At that time, the only way data could be entered was to drop the tablet into a docking station and use a physical keyboard. It would be very beneficial if a virtual keyboard could be developed as a stand-alone application that could assume a modal placement on the screen and support the full functionality of a standard keyboard. Such an application could extend beyond the current scope of the development target and actually be used by any software application for input. A reuseable object oriented solution would be the best and at the same time more difficult to develop.
THE PROLEM:
The biggest hurdle in developing this application centered around application focus. When data entry is desired to update a text box, the instant the virtual keyboard key is pressed, the text box will loose focus. The solution is to determine what object had focus previously, reset the focus back to that object and then execute the sendkeys event. This was accomplished by interrogating messages to find the needed object handle.
THE PATENT:
Because of the scope in which such an application could be used and the fact that such a tool had not existed previously, a patent was applied for and issued. The responsibility of ensuring that such an application warrants a patent is the sole responsibility of the USPTO. The process takes years.
THE EXPOSURE:
Once a patent is applied for and the patent application is published, all of the technical aspects of the software are published (on the web.) In effect, any software developer can access the code that was developed in an R & D environment. As such, an invention can be stolen right out from under you if such protection does not exist.
VALIDITY OF THE CLAIM:
The character of the holder of the patent rights has been a big issue in the way some have looked at this case. Apple has definitely going to try to get some traction with that.

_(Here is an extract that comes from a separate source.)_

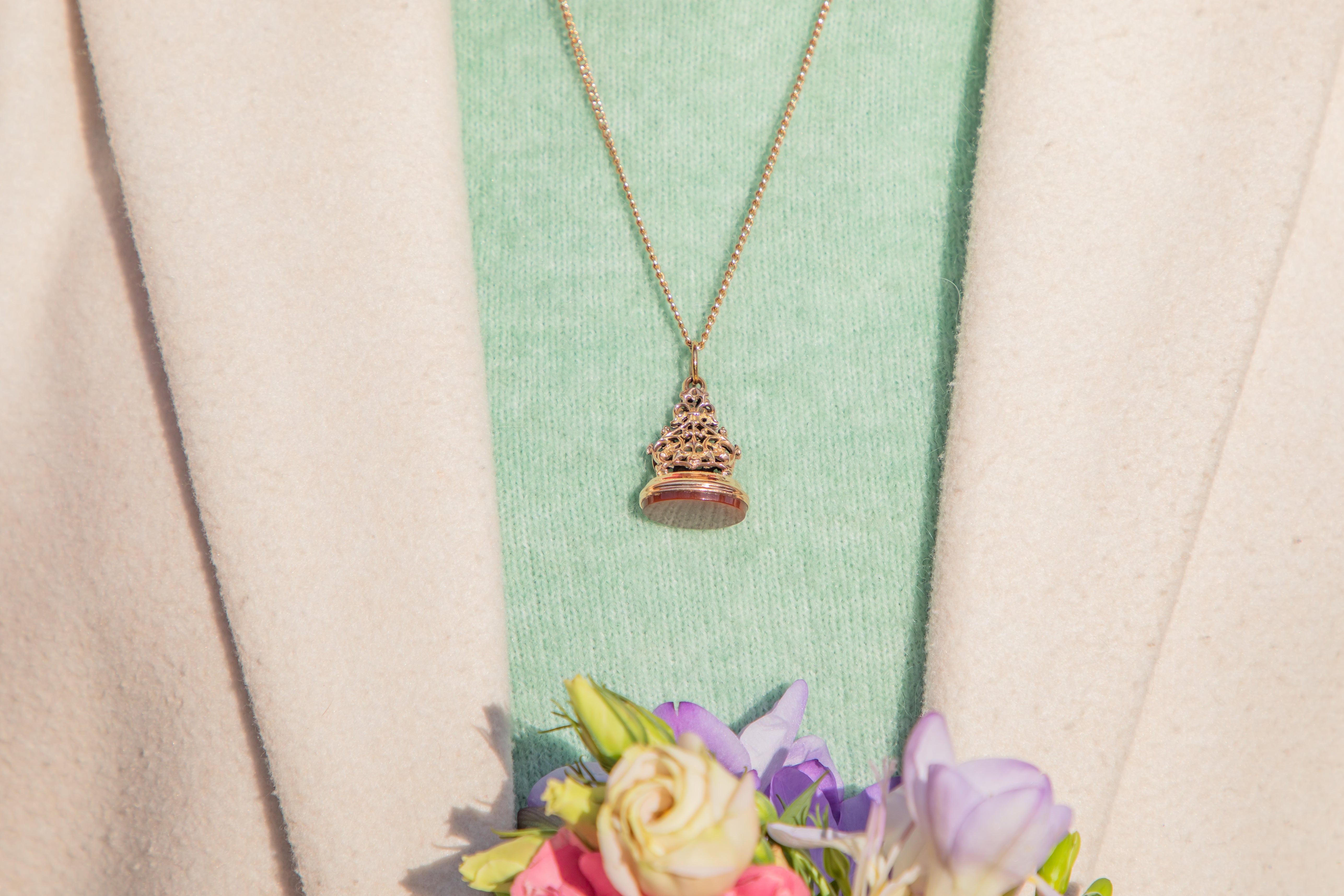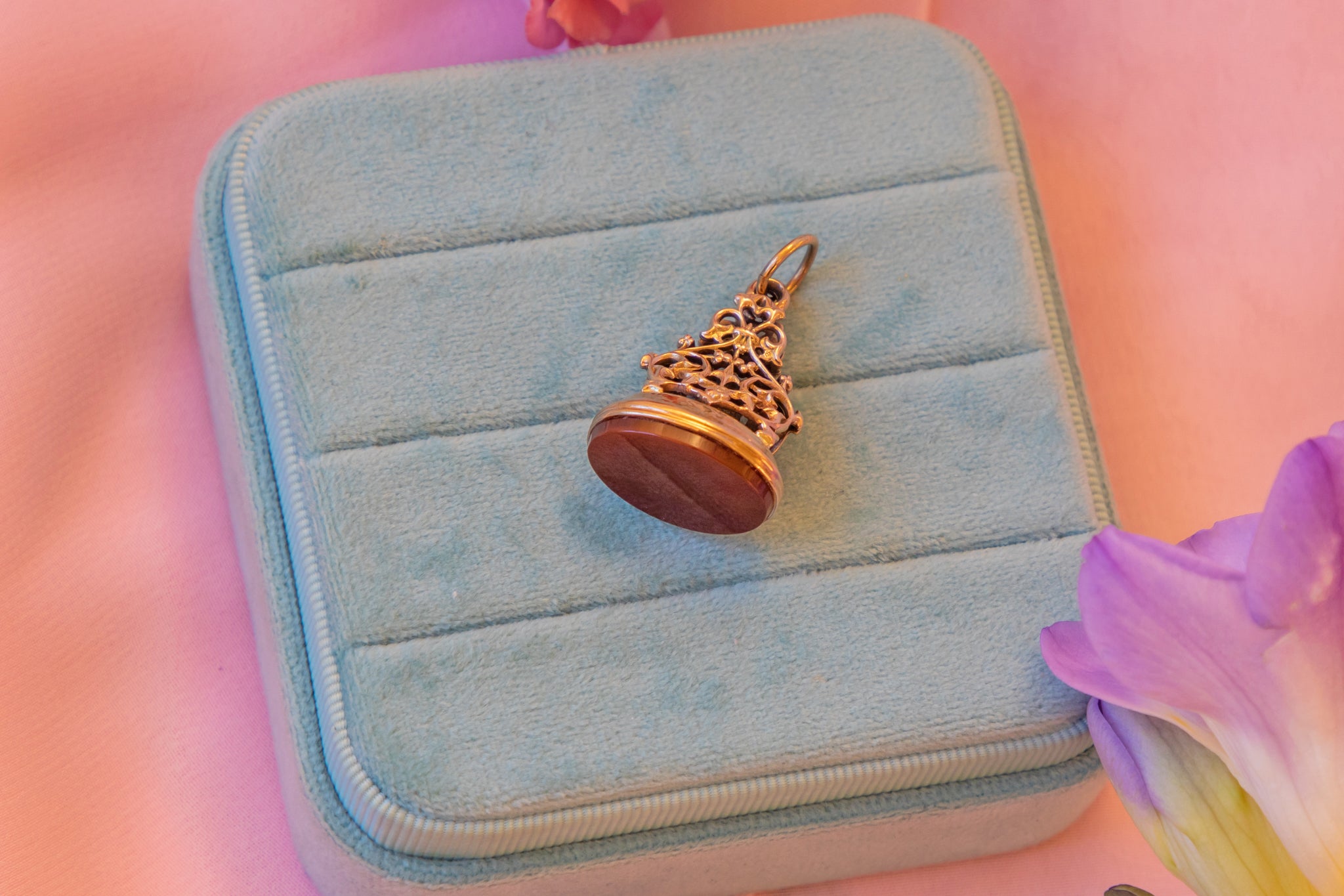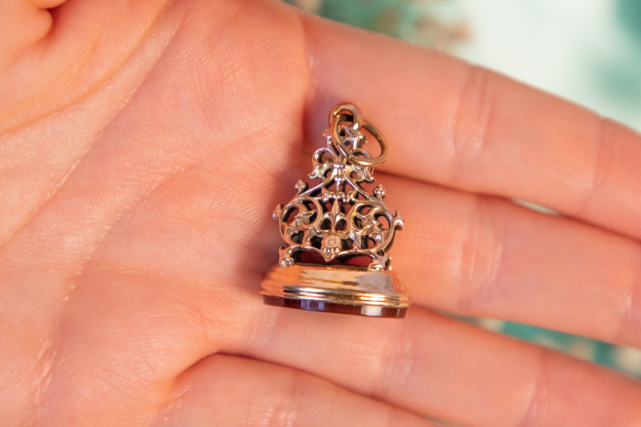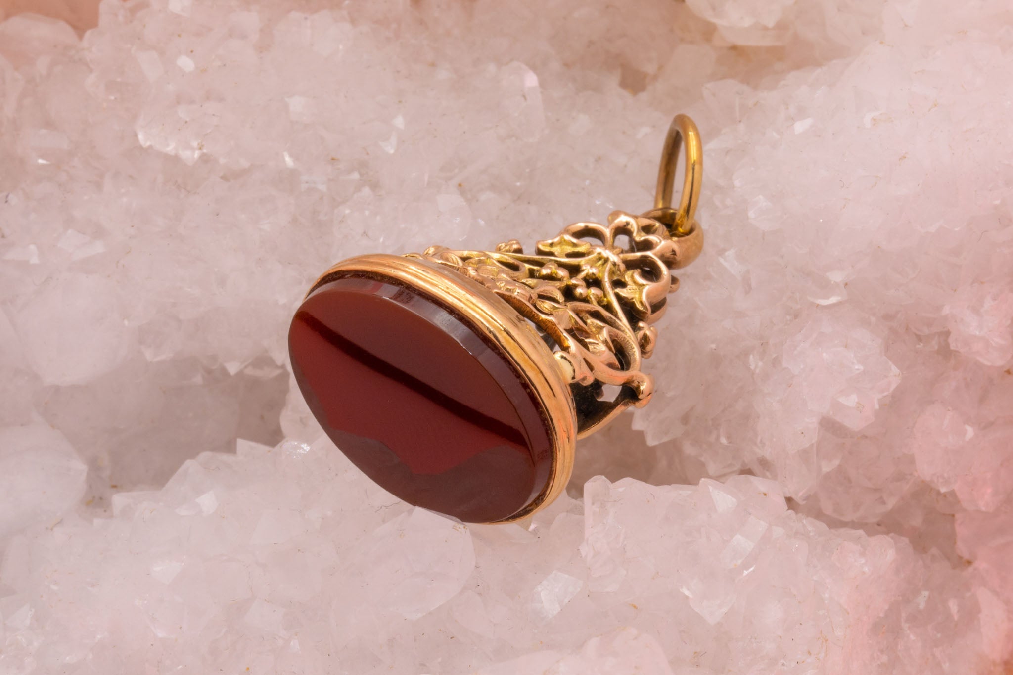 We adore this 9ct Gold Carnelian fob seal pendant! This beauty has the most divine display of Gold openwork, with a stunning pillar inspired by nature which draws your eye in.

The bottom line is that they are focusing on one individual in this case (and not necessarily the person writing the software.)
Isnt it every software developers dream to get a chance to hit a home run based on their intelligence and creativity?
SHOULD A VIRTUAL KEYBOARD CARRY A PATENT?
Thats a good question. I would have to believe that is something Apple would support.especially since they were granted a patent on their new iPhone virtual keyboard on 4/24/2008.




post #34 of 34
As the years tick by and I witness ever more absurd patent litigation, my tolerance of asinine behavior has shrank.

The people running SP Technologies should be ashamed of themselves. It simply isn't moral to do what they're doing. Touch screen keyboards are plainly obvious and everyone knows it. In my mind, they're trying to steal from others while getting the government hold the gun. While what they're doing is legally permissible, it is morally reprehensible.